* Input material *
-.-.-

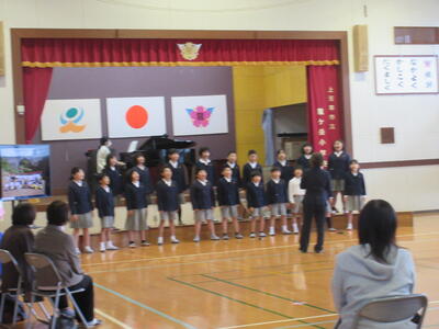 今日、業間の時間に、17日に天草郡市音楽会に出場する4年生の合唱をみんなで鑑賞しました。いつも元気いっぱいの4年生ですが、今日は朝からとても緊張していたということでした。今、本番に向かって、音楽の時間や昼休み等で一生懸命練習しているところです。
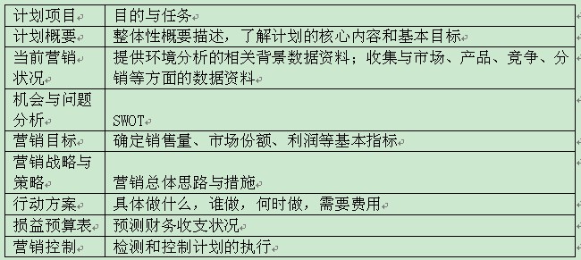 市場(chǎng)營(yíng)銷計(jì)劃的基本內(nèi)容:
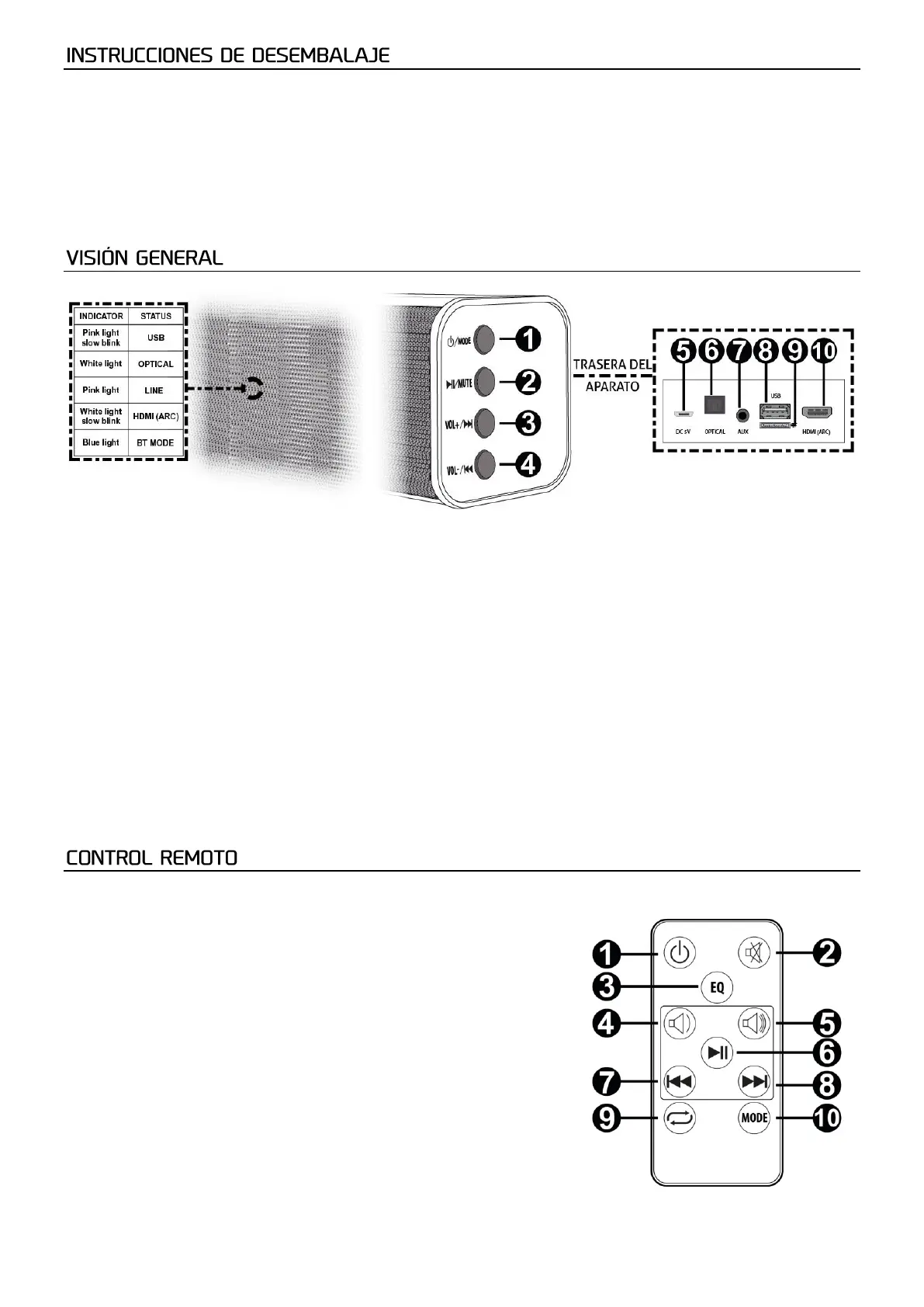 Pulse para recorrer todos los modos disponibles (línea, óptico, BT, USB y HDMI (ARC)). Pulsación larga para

-.-.-

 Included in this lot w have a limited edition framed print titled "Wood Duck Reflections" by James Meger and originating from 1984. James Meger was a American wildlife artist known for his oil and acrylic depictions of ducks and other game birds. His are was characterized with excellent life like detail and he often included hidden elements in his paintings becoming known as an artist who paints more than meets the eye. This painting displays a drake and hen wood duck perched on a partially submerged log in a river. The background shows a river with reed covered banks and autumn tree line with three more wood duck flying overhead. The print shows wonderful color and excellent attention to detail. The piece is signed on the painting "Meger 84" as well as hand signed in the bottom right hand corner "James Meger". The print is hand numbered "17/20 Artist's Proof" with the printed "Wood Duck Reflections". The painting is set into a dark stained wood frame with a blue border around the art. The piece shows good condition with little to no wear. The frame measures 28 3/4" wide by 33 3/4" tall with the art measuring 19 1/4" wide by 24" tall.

-.-.-

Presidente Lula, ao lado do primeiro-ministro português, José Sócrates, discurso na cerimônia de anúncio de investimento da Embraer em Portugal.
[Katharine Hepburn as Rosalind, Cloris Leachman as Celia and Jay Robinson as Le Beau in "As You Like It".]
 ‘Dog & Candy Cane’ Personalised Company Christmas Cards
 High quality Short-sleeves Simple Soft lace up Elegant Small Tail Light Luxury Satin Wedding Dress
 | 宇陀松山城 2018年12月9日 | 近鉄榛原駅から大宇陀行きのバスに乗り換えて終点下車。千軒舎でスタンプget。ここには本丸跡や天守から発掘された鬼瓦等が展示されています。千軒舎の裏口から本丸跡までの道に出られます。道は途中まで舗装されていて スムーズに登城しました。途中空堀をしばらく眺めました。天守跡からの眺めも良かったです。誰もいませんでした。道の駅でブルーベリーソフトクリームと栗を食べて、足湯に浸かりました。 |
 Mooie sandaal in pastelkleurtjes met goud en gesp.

-.-.-

* Exercise description *
Of the entries above, repeat exactly the lines between the line with "[Katharine Hepburn as" and the line with "Mooie sandaal in", inclusive, and no others.

* Solution for this exercise *
[Katharine Hepburn as Rosalind, Cloris Leachman as Celia and Jay Robinson as Le Beau in "As You Like It".]
 ‘Dog & Candy Cane’ Personalised Company Christmas Cards
 High quality Short-sleeves Simple Soft lace up Elegant Small Tail Light Luxury Satin Wedding Dress
 | 宇陀松山城 2018年12月9日 | 近鉄榛原駅から大宇陀行きのバスに乗り換えて終点下車。千軒舎でスタンプget。ここには本丸跡や天守から発掘された鬼瓦等が展示されています。千軒舎の裏口から本丸跡までの道に出られます。道は途中まで舗装されていて スムーズに登城しました。途中空堀をしばらく眺めました。天守跡からの眺めも良かったです。誰もいませんでした。道の駅でブルーベリーソフトクリームと栗を食べて、足湯に浸かりました。 |
 Mooie sandaal in pastelkleurtjes met goud en gesp.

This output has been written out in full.